Intelligent. Bright. Perceptive. Hard to fool.
He felt a profound wish that a dragon might show up. Frightening, taloned, clawed, scaled, to be sure. But probably not very bright, and certainly not able to read his mind. Well. Read his limbic system. Being honest, there wasn’t all that much “mind” involved.
“Besides,” Ruth continued, “you’ll need somebody on Ganny’s ship who’s a computer and communications whiz. Anton, you can’t be two places at once. If things do go into the crapper, probably the only chance you’ll have of getting out is if somebody in the backup getaway ship can substitute for your skills manipulating God-knows-what in the way of Mesan security systems. ‘Cause you’re not likely to have time to do it, what with all the guns blazing in the getaway and probably having not much more than a tin can and some wires to worth with even if you did. Have enough time, that is.”
Now, she flashed that same quick smile at Uncle Andrew. “Meaning no offense.”
“None taken,” he said, smiling back. “I’m a whiz with anything mechanical or electrical, and I’m even pretty good with computer hardware. But that’s about it.”
Ruth looked back at Cachat and Zilwicki, triumphantly. “So there. It’s all settled.”

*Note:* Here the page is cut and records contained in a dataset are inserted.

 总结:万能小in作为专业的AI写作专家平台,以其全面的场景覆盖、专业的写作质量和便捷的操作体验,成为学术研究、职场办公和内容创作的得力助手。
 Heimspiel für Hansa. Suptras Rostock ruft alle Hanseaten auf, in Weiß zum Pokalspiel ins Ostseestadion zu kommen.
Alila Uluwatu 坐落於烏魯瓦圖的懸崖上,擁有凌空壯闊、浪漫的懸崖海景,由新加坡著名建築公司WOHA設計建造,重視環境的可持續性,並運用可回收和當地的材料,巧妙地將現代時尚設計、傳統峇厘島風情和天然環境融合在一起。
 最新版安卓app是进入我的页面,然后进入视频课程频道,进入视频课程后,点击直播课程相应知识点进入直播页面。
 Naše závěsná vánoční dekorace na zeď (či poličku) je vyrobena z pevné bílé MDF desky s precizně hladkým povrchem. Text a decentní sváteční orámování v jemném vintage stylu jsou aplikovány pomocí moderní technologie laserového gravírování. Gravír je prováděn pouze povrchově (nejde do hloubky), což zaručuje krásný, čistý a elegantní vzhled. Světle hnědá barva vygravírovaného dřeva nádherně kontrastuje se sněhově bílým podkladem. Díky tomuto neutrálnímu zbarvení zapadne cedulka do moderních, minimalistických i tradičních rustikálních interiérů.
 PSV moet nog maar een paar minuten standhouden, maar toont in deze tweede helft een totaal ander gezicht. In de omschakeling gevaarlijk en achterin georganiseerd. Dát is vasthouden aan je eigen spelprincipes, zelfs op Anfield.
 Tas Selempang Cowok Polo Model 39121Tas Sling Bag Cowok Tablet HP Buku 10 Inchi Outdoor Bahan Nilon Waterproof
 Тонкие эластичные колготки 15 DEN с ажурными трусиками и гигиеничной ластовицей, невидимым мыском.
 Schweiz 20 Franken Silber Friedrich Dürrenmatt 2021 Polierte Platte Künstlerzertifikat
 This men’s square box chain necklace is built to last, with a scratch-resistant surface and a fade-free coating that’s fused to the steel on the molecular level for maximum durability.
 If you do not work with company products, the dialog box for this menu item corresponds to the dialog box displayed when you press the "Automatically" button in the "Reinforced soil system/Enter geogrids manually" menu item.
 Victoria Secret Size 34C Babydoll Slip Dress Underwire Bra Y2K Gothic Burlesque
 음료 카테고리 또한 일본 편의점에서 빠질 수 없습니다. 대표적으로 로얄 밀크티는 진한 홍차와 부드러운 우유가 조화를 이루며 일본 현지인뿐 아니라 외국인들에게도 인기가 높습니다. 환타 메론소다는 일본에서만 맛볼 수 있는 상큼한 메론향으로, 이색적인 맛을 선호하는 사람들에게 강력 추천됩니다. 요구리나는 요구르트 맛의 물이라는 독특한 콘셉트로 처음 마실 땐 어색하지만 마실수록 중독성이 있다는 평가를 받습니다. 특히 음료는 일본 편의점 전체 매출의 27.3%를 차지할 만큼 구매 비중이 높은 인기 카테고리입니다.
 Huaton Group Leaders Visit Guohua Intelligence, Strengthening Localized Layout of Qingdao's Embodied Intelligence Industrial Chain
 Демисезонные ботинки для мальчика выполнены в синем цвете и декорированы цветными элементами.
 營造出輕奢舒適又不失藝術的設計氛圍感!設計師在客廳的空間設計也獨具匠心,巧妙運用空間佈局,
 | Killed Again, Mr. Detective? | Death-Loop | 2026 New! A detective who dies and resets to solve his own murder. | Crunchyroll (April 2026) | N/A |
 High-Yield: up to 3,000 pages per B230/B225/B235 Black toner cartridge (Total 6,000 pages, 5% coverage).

“I’m for it,” said Ganny forcefully. “In fact, I’m making it a condition. Either the princess comes with us, or the deal’s off. I could give you all sorts of reasons for that, but the only really important one is that I’m getting even with you for playing tricks on my boys.” She gave Brice and his friends a look that could best be described as disgusted. “Taking advantage of their stunted forebrains! Ed, put your tongue back in your mouth. You too, James.”
She said nothing to Brice. He felt very suave, although he’d have to double-check the dictionary to make sure the word meant what he thought it meant. Now that Princess Ruth was coming along, he had a feeling he wasn’t going to get away with his usual vocabulary habits. Use any long and/or fancy-sounding word you want, serene in the knowledge that your dummy cousins won’t know if you got it wrong.
Didn’t matter. What he was already thinking of as The Great Adventure would probably be better with a smart princess along. Even if such a fantastical creature was completely absent from the classics.